Вы не хотите тратить свою жизнь, писая о вещах, которые не имеют значения. Вы хотите попытаться выйти из временной посредственной посредничества и написать так, чтобы это имело значение для всех. Это восходит к этой идее быть интимной с вашим читателем. Поскольку мы все здесь, и мы все умираем, стремимся, любим и чувствуем себя неадекватными, все эти вещи, которые мы все делаем все время, каково это облегчение, когда кто -то смотрит на вас и говорит: «Да, да, да, я тоже."

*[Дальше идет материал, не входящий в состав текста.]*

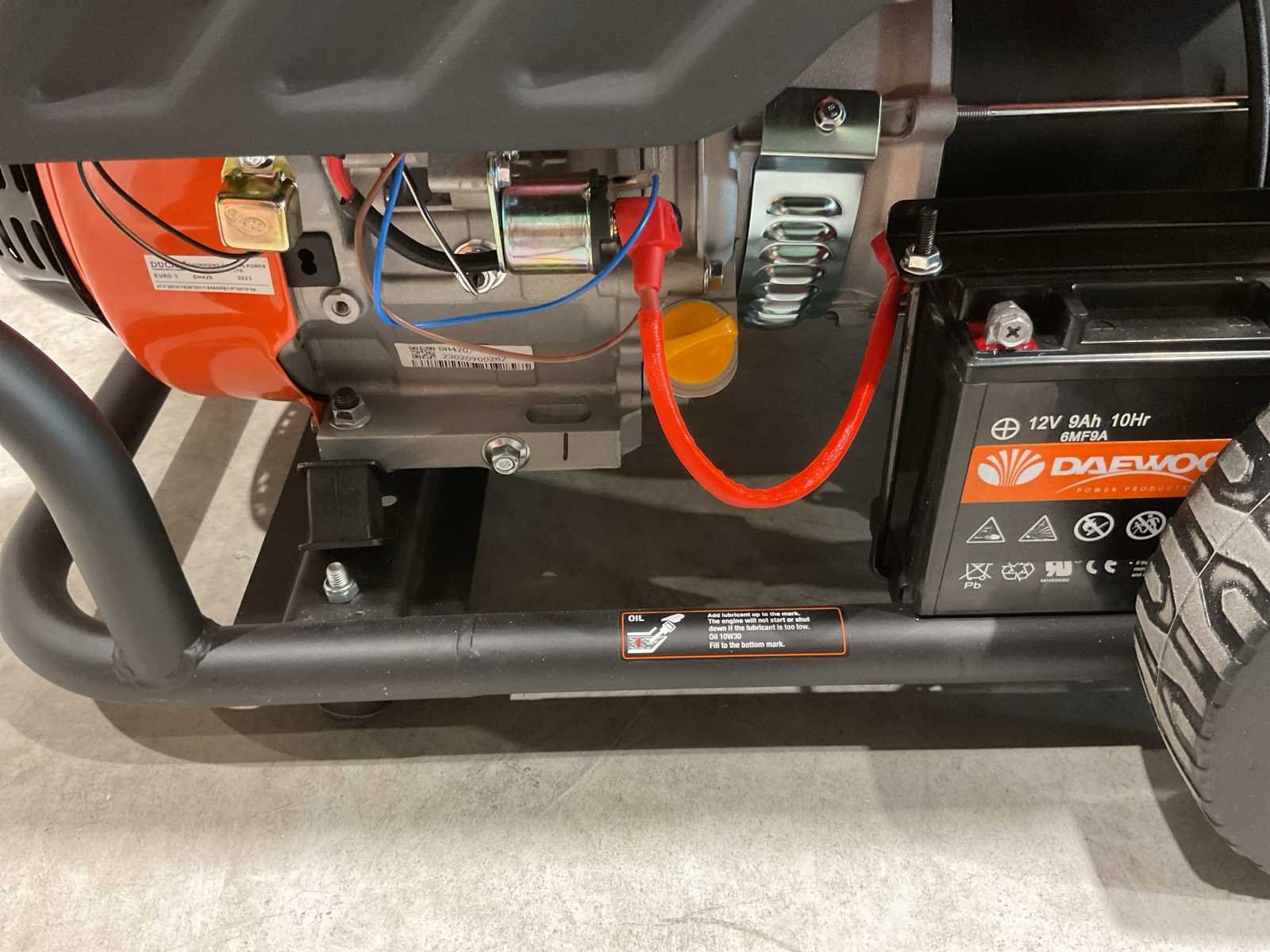 Voorzien van 25 liter brandstoftank; Benzine Euro 95 4-takt; Motor: 420cc, 15 pk; luchtgekoeld; 3000 toeren per minutt; Sleutelloze elektronische start; Uitgangen: 220/240V; 220/380/415V; 2 wielen; Ongebruikt in doos (Afmeting transport verpakking 750x700x610 mm lxbxh, gewicht 91 kg) Merk: Daewoo Type: GDAX9250E-3 Bouwjaar: 2025 Capaciteit.: 6.5kVA Benzine: true Aantal cilinders: 1 Motorvermogen (kW): 6.5kW Luchtgekoeld: true Mobiel: true Handboek aanwezig: true Machinegewicht: 91kg Totale afmeting L: 765mm Totale afmeting Breedte: 590mm Totale afmeting Hoogte: 575mm

Это подчеркнуло эту идею, что когда мы читаем книгу или пишем книгу, вы находитесь в акте совместного творчества. Читатель и писатель пытаются нарядить и представить себя лучшими я, а затем в этот момент, когда внезапно, как читатель, вы больше не вы, и также, как писатель, вы на самом деле не вас Полем
Я думаю, что даже как Саддам Хусейн или Гитлер проснулись и сказали: «Я думаю, что это будет хороший день. Я сделаю действительно важную работу». И, учитывая их определение добра, они вышли и сделали ужасные вещи.
Я не уверен, что назвал бы это агонией, но есть своего рода циклическое разочарование. Вы правильно поняли одну историю, а потом приходит еще одна. Когда это закончится? То, что я пытаюсь сделать, это запустить его прямо сейчас, признав, что этот цикл пишет. То есть: пытаться понять разочарования и неудачи (и агонии) как часть более крупной шахматной игры, которую вы играете с самим искусством.
Как писатель, я, по сути, просто пытаюсь выдать себя за первого читателя, который поднимает историю и должен решать, в каждом моменте, продолжать идти.
Художественная литература открыта для тех, кто попадает в дверь, если вы входите энергетически.
На более техническом уровне история требует много слов. И чтобы генерировать слова, фразы, образы и т. Д., Это заставит читателя продолжать читать - это может по -настоящему захватить читателя - писатель должен работать из места, скажем, знакомство и привязанность. Матрица истории должна быть сделана из вещей, о которых писатель действительно знает и любит. Автор не может растягиваться и (чисто) изобретать все время. Ну, я все равно не могу.
Я думаю, что это было большим откровением для меня в начале моей жизни, что люди, которые кажутся злыми, на самом деле нет. Другими словами, никто не просыпается утром и не говорит: «Тёд, ты, ты, я собираюсь быть злым».
Позитивные человеческие действия не только возможны, но и распространены; Люди могут улучшить, выбирать свет и так далее. И это все происходит.
Технически очень трудно показать позитивные проявления. Но я могу оглянуться назад на то, как я думал и чувствовал, даже будучи маленьким ребенком, и там было много удивления, и открытость для многих сторон жизни.